As Francis Bacon once stated, "the human mind is more excited by affirmatives than negatives". And it was recently demonstrated in tweeter and published in Science: "fake news spread faster than true news".

Although we have evolved technologically and science is in the core of this evolution, the human mind did not have enough time to evolve from fantasy to skepticism. The last 500 hundred years were not enough to outrun 200.000 years of evolution. Biologically, we are believers.

The root of scientific thinking is skepticism. In science, we must have a method to overcome our predisposition to believe. This method is called the null hypothesis: we start by not believing and only change to the alternative of believe after strong evidence against chance or bias rejects the null. Being skeptical is tiresome and sometimes boring.

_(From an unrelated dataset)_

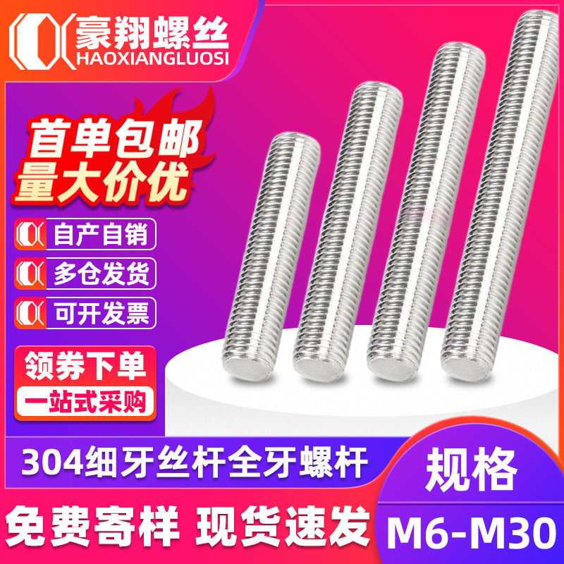 304ステンレスの細い歯のねじの全歯のスクリューの細い歯の手は歯の条のメーカーの卸売りのm 8/m 10/m 20/m 30をねじります。

This is in the center of a scientific problem: the lack of reproducibility, well described by Ioannidis in his popular PLOS One article: "most published research findings are false". And we believe them.

The term "fake news" became popular two years ago and served as an alert for people, before becoming unpopular for political reasons.

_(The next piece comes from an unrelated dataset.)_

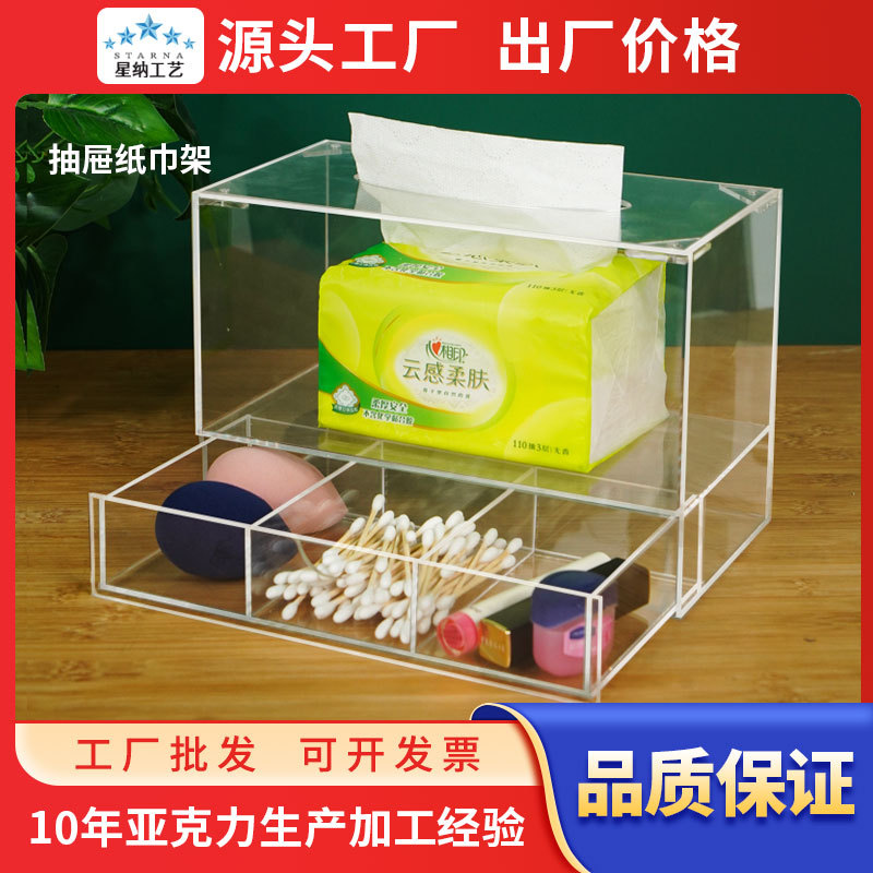 メーカー透明ティッシュボックス収納引き出し付きアクリル長方形化粧品文房具引き出し紙箱アマゾン

With a correct understanding its meaning, the term "scientific fake news" helps against the problem of scientific reproducibility. But first, we must differentiate "scientific fake news" from "fake news".

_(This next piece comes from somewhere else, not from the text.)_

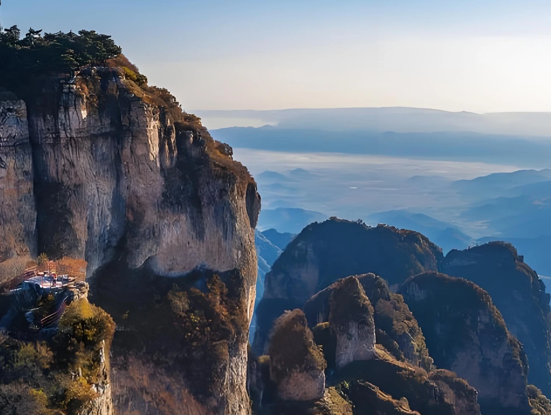 位於太行之巔,雲海翻騰、峰巒疊嶂。登臨絕頂,萬仞峭壁盡收眼底,絕壁天路蜿蜒盤旋,如巨龍穿行山間,氣勢磅礴四時景色各有風姿。既有山河壯麗之氣概,又有天地悠悠之詩意。

Fake news is created by a person or small group of people with common interest. Scientific fake news is created by a system who is defective: the creators are not alone, peer-reviewers, editors, societies and readers have to approve it and spread the message with enthusiasm. And they may do it with good intention.

Fake news has a creator who knows the news is fake. In scientific fake news, the creator believe in the message, a belief reinforced by his or her confirmation bias.

Fake news has a creator with poor personal integrity. In scientific fake news, the creator suffers from scientific integrity, mediated biologically by cognitive bias.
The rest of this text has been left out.